Обращаясь не к Кузьмину, а к доске, он задал один за другим несколько вопросов. Вопросы были простые и точные, на первом же Кузьмин запутался, следующие вопросы добили его, загнали в тупик, он попробовал выбраться отчаянно и нагло — это, мол, не экзамен, ему не отметка нужна, и он рассчитывал не на ловушки, а на понимание всего замысла, всей концепции. Вот тут-то Лаптев и взвился и за несколько минут превратил такие красивые построения в нелепые нагромождения, сляпанные нахалом или шалопаем. Впрочем, он обошёлся без резких слов. Он был убийственно корректен. И что самое ужасное — убедителен. То нарушение логики, которое восхищало Лазарева, стало вздором, ахинеей. Лаптев был в ударе, он работал на публику, весело, легко: «Трудно, конечно, со столь скромными средствами браться за столь серьёзные проблемы», «Тросточкой звезду не сшибёшь»…

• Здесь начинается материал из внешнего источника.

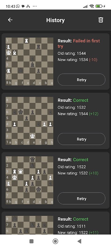 Challenge yourself with an intelligent puzzle selection system that adapts to your skill level. Each solved puzzle affects your rating, ensuring continuous growth and learning. Face progressively harder challenges as you improve!
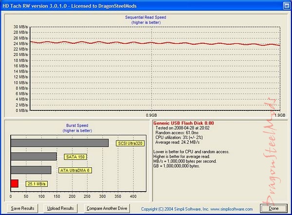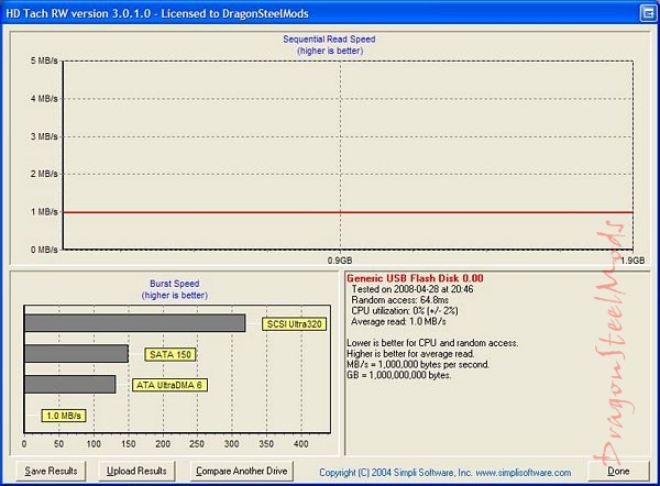 For testing, I used a six foot Cate5e cable. To measure transfer speeds, I used my trusty OCZ Rally2 2GB drive and HDTach RW. I connected a printer, keyboard/mouse combo and the USB drive. From the HDTachRW test (the first table is the OCZ plugged directly into the PC, while the second table is through the adapter); we will notice that the USB 2.0 Extension Cable to Cat5e or Cat6 Extender Adapter has USB 1.1 speeds for data transfer. Oh, well. This should not hamper devices such as printers or mice/keyboard combos, but it will slow things down if used as an extension for some form of storage device.

Казалось, навсегда забытые фразочки. Кузьмин извлекал их из тайников как улики. Оказывается, они отлично сохранились, а как он старался забыть, всё забыть. И тот липкий пот унижения, своё позорное бессилие, прикрытое кривой дрожащей улыбкой, то есть снаружи это была улыбка, а изнанка затравленная гримаса — только бы удержаться, не сорваться в слёзы…

— Вы, кажется, со мной не согласились и собирались доказать, продолжал Лаптев, еле различая в сумерках прошлого мелкое это копошение, нечто из жизни козявок. — Собирались… Значит, доказали? Поздравляю.

Спасибо. Жаль, что теперь ваши поздравления, Алексей Владимыч, не имеют той цены. Дорога ложка к обеду. Кстати, я ничего не доказывал. Другие доказали. Всё было правильно с самого начала. Просто теперь это дошло, прояснилось.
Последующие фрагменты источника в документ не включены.